Task inputs:
▼▼▼

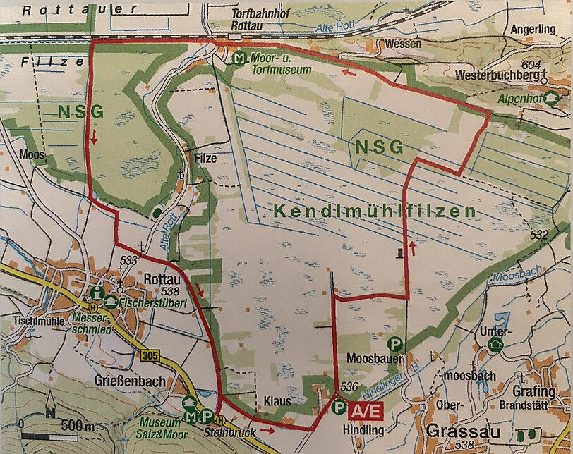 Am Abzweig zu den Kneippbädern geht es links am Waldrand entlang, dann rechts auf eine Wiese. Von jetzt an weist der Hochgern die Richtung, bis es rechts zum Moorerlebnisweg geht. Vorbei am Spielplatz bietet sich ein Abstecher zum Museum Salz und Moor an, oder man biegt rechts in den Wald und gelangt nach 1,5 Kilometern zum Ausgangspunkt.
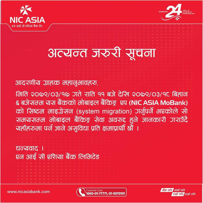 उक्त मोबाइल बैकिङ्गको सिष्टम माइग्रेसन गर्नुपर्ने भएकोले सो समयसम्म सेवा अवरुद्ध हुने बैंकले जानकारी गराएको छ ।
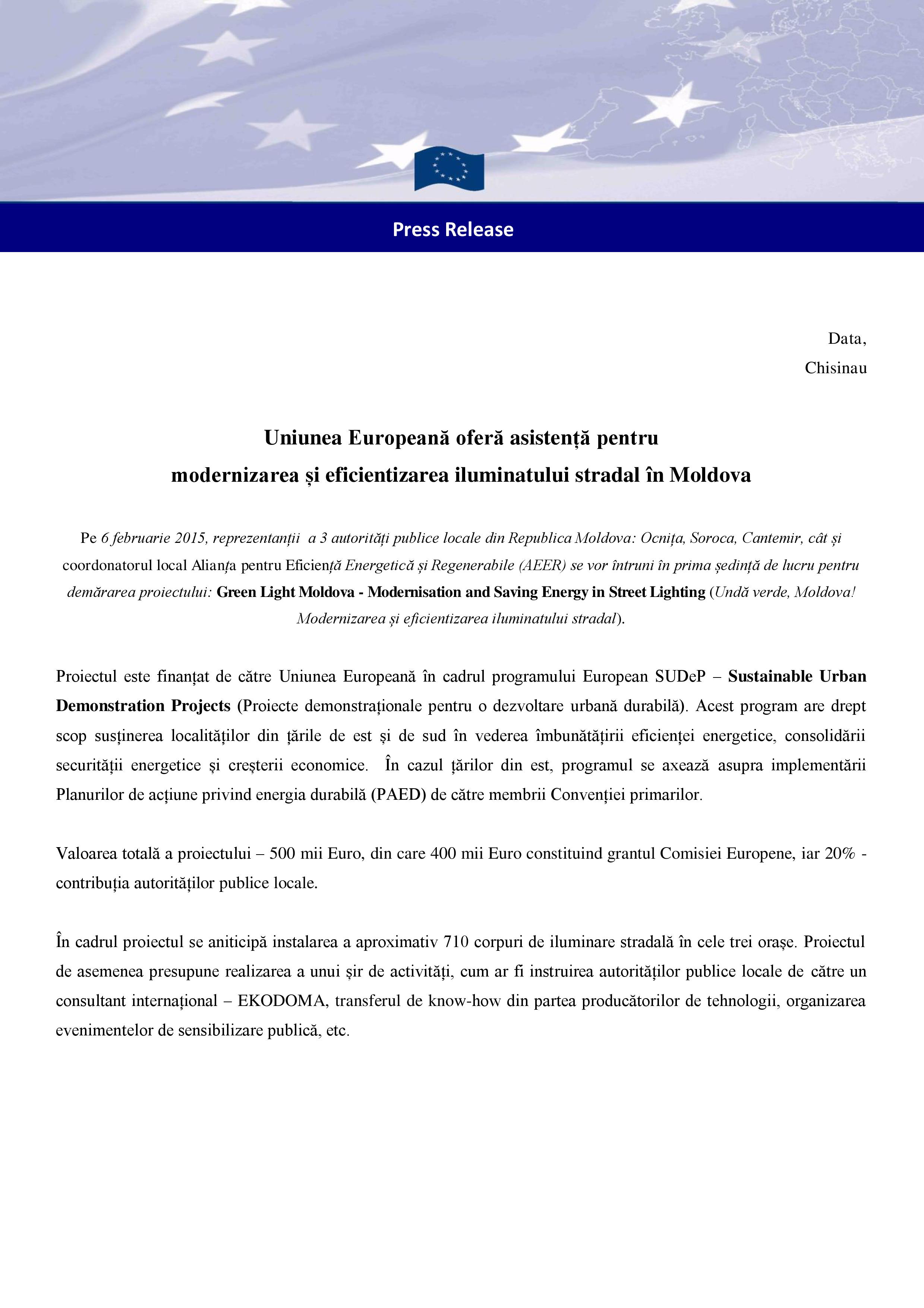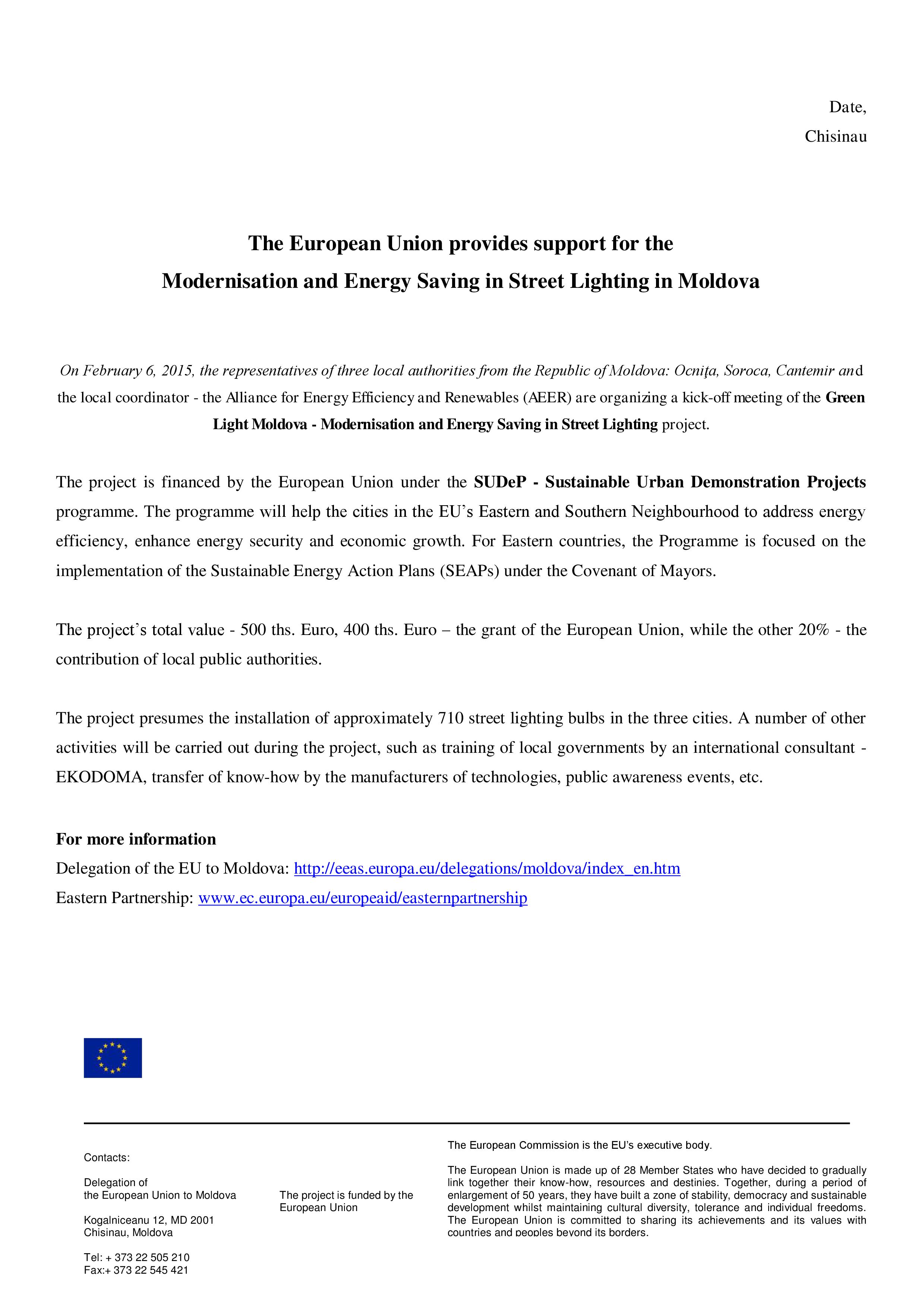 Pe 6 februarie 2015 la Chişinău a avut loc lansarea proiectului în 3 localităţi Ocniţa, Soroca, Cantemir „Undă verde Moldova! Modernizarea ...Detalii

▲▲▲
▼▼▼

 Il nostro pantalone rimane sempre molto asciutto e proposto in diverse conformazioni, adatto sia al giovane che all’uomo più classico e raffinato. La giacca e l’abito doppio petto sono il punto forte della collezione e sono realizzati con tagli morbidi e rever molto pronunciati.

▲▲▲
▼▼▼

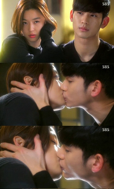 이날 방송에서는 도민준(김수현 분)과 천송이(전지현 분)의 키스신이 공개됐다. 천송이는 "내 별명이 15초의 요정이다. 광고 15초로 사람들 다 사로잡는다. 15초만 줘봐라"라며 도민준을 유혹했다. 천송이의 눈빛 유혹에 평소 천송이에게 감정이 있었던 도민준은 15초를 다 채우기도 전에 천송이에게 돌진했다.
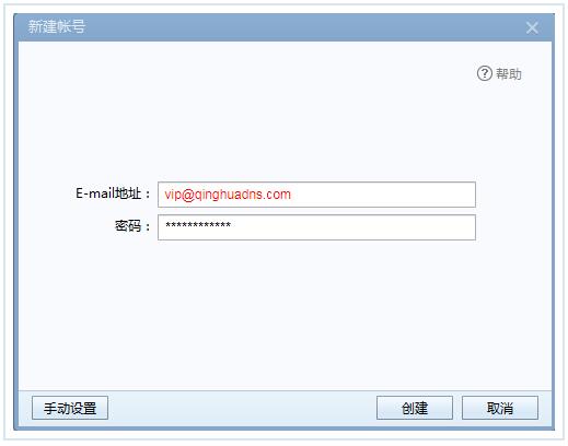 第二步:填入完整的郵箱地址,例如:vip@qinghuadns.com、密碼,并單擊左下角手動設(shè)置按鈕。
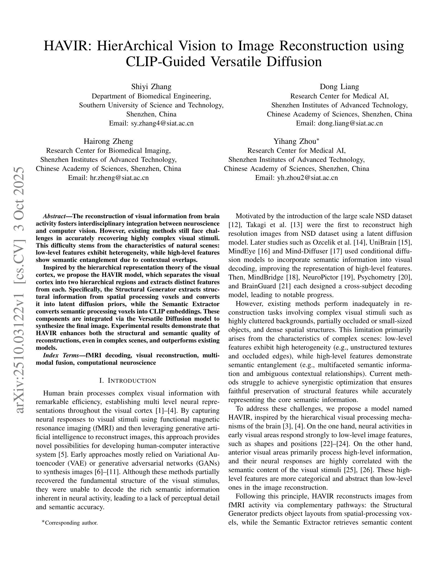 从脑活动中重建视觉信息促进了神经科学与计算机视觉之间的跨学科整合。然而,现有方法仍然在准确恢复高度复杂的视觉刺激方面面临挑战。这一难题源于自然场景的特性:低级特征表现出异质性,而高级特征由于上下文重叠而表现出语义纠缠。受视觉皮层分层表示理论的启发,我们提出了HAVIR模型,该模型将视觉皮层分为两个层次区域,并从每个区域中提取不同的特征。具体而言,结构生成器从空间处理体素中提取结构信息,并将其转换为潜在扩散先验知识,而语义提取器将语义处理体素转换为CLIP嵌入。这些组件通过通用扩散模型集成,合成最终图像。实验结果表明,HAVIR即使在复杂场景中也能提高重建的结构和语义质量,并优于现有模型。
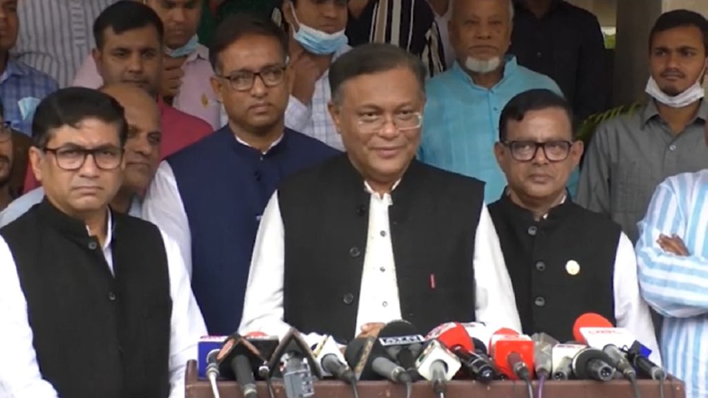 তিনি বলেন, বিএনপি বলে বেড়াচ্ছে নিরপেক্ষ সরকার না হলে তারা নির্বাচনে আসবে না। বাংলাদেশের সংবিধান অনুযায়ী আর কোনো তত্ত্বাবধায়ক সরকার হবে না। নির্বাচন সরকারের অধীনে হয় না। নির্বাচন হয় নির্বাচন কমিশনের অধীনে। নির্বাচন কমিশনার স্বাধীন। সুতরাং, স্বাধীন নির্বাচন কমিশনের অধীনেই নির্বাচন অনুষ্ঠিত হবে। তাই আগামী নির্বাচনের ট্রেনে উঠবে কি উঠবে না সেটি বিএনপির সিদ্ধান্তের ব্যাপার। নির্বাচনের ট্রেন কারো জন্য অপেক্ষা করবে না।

▲▲▲

Description of the task:
Leaving out all pictures, set down exactly the lines of the material above, from the line with "이날 방송에서는 도민준(김수현" to the line with "从脑活动中重建视觉信息促进了" inclusive, and no others.

Solved exercise:
 이날 방송에서는 도민준(김수현 분)과 천송이(전지현 분)의 키스신이 공개됐다. 천송이는 "내 별명이 15초의 요정이다. 광고 15초로 사람들 다 사로잡는다. 15초만 줘봐라"라며 도민준을 유혹했다. 천송이의 눈빛 유혹에 평소 천송이에게 감정이 있었던 도민준은 15초를 다 채우기도 전에 천송이에게 돌진했다.
 第二步:填入完整的郵箱地址,例如:vip@qinghuadns.com、密碼,并單擊左下角手動設(shè)置按鈕。
 从脑活动中重建视觉信息促进了神经科学与计算机视觉之间的跨学科整合。然而,现有方法仍然在准确恢复高度复杂的视觉刺激方面面临挑战。这一难题源于自然场景的特性:低级特征表现出异质性,而高级特征由于上下文重叠而表现出语义纠缠。受视觉皮层分层表示理论的启发,我们提出了HAVIR模型,该模型将视觉皮层分为两个层次区域,并从每个区域中提取不同的特征。具体而言,结构生成器从空间处理体素中提取结构信息,并将其转换为潜在扩散先验知识,而语义提取器将语义处理体素转换为CLIP嵌入。这些组件通过通用扩散模型集成,合成最终图像。实验结果表明,HAVIR即使在复杂场景中也能提高重建的结构和语义质量,并优于现有模型。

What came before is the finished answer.